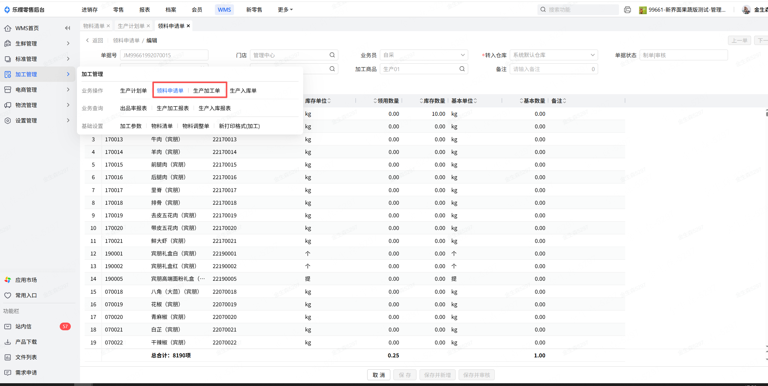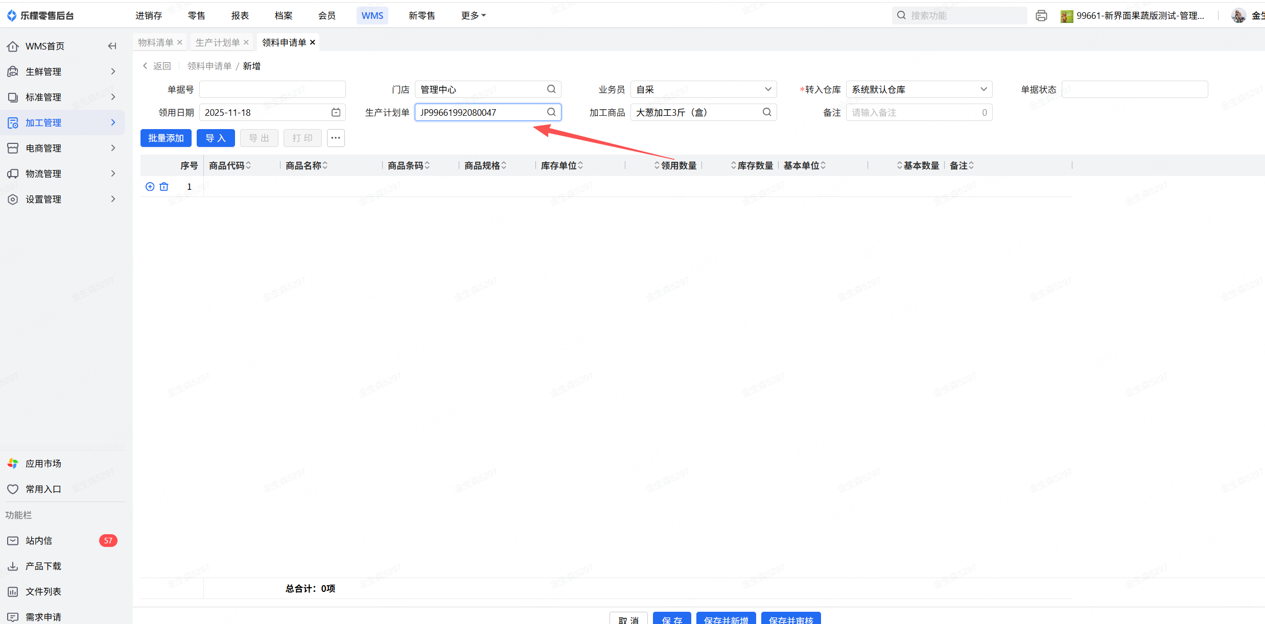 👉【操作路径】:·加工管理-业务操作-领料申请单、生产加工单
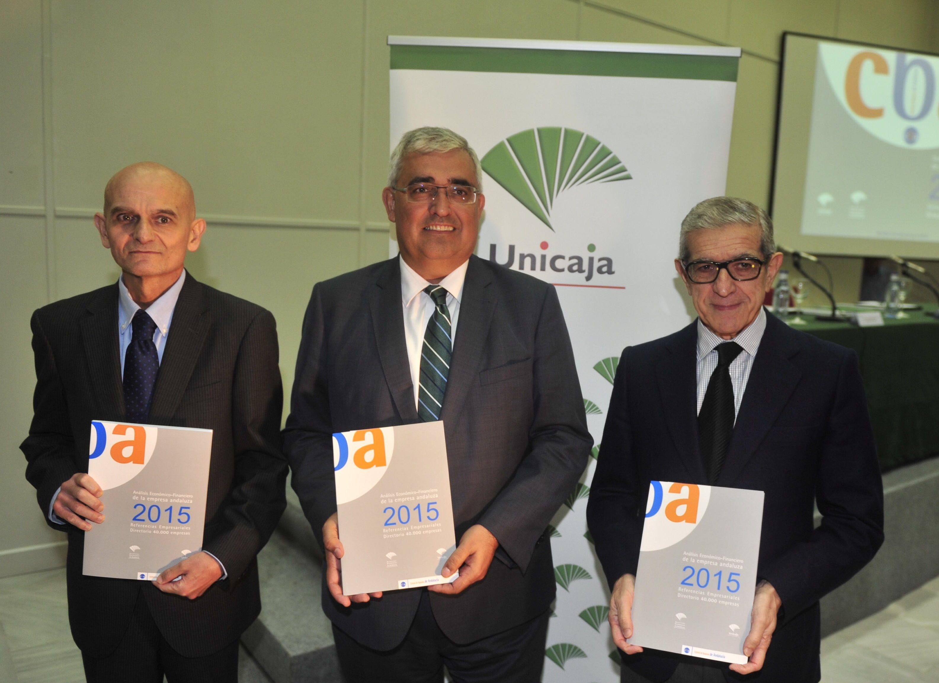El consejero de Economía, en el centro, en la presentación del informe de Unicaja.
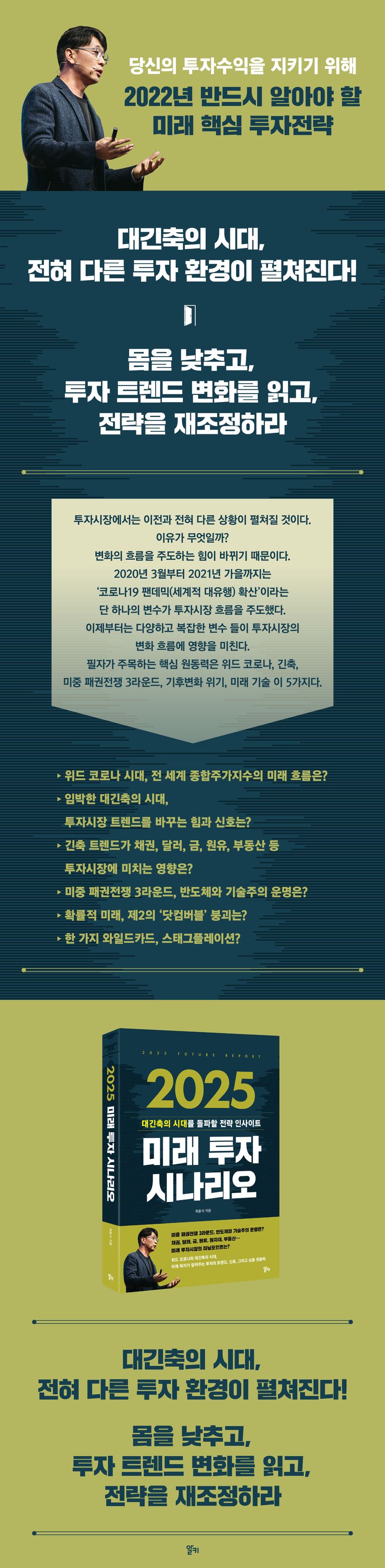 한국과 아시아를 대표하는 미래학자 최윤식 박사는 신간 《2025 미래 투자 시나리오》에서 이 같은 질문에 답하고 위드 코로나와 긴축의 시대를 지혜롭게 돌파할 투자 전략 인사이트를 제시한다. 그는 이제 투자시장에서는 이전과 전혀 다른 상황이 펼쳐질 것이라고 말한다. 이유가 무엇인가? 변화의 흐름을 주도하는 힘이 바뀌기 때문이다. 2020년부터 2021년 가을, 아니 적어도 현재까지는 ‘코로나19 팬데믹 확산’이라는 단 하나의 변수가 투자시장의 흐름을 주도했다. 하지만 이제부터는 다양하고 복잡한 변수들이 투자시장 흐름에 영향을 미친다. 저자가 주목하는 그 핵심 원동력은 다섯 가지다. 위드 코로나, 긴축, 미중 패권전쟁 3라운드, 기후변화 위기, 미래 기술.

▸ How to complete this task: Copy each line above exactly. Images do not belong in the copy.

▸ Result:
 👉【操作路径】:·加工管理-业务操作-领料申请单、生产加工单
El consejero de Economía, en el centro, en la presentación del informe de Unicaja.
 한국과 아시아를 대표하는 미래학자 최윤식 박사는 신간 《2025 미래 투자 시나리오》에서 이 같은 질문에 답하고 위드 코로나와 긴축의 시대를 지혜롭게 돌파할 투자 전략 인사이트를 제시한다. 그는 이제 투자시장에서는 이전과 전혀 다른 상황이 펼쳐질 것이라고 말한다. 이유가 무엇인가? 변화의 흐름을 주도하는 힘이 바뀌기 때문이다. 2020년부터 2021년 가을, 아니 적어도 현재까지는 ‘코로나19 팬데믹 확산’이라는 단 하나의 변수가 투자시장의 흐름을 주도했다. 하지만 이제부터는 다양하고 복잡한 변수들이 투자시장 흐름에 영향을 미친다. 저자가 주목하는 그 핵심 원동력은 다섯 가지다. 위드 코로나, 긴축, 미중 패권전쟁 3라운드, 기후변화 위기, 미래 기술.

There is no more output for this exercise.